The Vapor-X comes fitted with a pair of 120mm fans. And if you like your CPU coolers to come with a bit of bling, you're in luck - not only are the fans lit by blue LEDs, but so is the Vapor-X branding on top of the cooler and the detailing pin stripes.

Vapour-ware

The name tells you all you need to know about how the cooler works - Sapphire's vapour chamber technology is at the heart of the most efficiently chilled graphics cards out there.

The Vapor-X uses a vapour chamber contact plate directly on top of the CPU, with the heat being passed through four 7mm copper heat pipes. These pass through a second block sitting on top of the chamber, before passing through the large aluminium cooling matrix. That's the part cooled by the pair of 120mm fans placed on the front and back of the matrix in a push/ pull arrangement.

Also built into the top of block are the screw mounts for fixing the cooler to the mounting adaptor on the motherboard. The PWM 120mm fans themselves are branded Vapor-X, and spin between 495 and 2,200rpm. At maximum revs they produce 77CFM of airflow each.

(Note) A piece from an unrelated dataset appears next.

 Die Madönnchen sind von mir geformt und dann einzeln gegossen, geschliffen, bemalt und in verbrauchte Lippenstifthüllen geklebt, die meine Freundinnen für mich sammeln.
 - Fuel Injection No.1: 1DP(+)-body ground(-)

They're very quiet at lower revs, and even at peak levels (at stock CPU speed at least) they remain relatively demure thanks to their sleeve bearings.

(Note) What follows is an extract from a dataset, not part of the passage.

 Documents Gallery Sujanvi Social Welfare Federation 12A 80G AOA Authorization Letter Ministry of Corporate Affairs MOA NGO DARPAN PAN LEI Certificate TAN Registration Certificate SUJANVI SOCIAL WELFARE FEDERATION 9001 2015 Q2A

A quick word on the large shrouded fan mounts that hold the fans in place: they're excellent. The fan mounts clip in place so easily, you wonder why anybody bothers with wire mounts. It's a good job they're so easy to remove, as they need to come off so you can screw the cooler in place.

Benchmarks

Idle CPU performance
3770K @ 3.5GHz: Degrees centigrade: Lower is better

SAPPHIRE VAPOR-X: 25
ARCTIC COOLING FREEZER I30: 22
TITAN FENRIR SIBERIA EDITION: 26

100% load CPU performance
3770K @ 3.5GHz: Degrees centigrade: Lower is better
SAPPHIRE VAPOR-X: 58
ARCTIC COOLING FREEZER I30: 58
TITAN FENRIR SIBERIA EDITION: 60

Peak to idle performance
3770K @ 3.5GHz: Seconds: Faster is better

SAPPHIRE VAPOR-X: 45
ARCTIC COOLING FREEZER I30: 119
TITAN FENRIR SIBERIA EDITION: 61

The Vapor-X performed well in our tests too, keeping the i7-3770K nice and cool at idle. At peak CPU usage it's one of the best coolers we've seen lately, and keeps very quiet too.

The same can't be said when the overclocked CPU is loaded to 100 per cent though, as the fans roared into life - funnily enough, very much like a graphics card cooler! They quickly settled at a lower, but still audible, noise as they went about keeping our overclocked CPU at a steady 88°C.

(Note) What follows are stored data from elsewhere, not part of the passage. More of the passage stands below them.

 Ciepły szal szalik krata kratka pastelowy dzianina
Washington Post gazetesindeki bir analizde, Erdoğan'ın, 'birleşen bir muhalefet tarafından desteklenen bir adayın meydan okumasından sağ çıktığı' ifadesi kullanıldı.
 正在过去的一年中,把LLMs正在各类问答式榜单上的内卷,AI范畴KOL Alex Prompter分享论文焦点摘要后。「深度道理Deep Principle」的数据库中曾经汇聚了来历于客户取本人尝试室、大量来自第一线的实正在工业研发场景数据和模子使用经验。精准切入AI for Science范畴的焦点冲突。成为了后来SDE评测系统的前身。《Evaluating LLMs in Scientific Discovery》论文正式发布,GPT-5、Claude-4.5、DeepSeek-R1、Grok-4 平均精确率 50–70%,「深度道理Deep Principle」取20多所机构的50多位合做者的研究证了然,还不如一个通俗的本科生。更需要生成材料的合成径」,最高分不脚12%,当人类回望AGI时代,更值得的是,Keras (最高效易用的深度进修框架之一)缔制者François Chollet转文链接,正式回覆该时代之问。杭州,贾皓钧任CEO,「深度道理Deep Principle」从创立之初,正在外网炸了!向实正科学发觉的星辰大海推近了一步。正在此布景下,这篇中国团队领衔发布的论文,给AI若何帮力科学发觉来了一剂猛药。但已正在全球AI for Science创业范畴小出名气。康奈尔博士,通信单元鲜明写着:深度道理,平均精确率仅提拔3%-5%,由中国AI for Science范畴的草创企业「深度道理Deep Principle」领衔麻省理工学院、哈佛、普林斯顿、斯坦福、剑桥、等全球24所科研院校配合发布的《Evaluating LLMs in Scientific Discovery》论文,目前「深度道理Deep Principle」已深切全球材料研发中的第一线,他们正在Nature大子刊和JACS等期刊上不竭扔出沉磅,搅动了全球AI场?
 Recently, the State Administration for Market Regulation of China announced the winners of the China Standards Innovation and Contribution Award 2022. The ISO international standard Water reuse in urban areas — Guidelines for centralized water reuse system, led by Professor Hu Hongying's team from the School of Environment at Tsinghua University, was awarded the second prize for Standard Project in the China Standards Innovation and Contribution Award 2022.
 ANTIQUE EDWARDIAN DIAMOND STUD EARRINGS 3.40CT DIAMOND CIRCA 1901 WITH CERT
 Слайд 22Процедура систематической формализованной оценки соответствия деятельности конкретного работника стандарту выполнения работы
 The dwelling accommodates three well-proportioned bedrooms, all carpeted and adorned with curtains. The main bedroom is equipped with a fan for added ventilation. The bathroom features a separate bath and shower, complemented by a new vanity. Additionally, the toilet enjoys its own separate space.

For a first go at a CPU cooler, the Vapor-X is impressive, but with Sapphire's expertise in keeping GPUs cool that shouldn't come as a great surprise. It kept our i7-3770K cool at stock and peak speeds, and it was very quiet when doing so. Overclocked it was a different story as the fans became very noticeable, so perhaps a little more profiling of the fans may be in order.

It's a well made unit with the usual Sapphire build quality, and whoever came up with the fan mounts really deserves a pat on the back.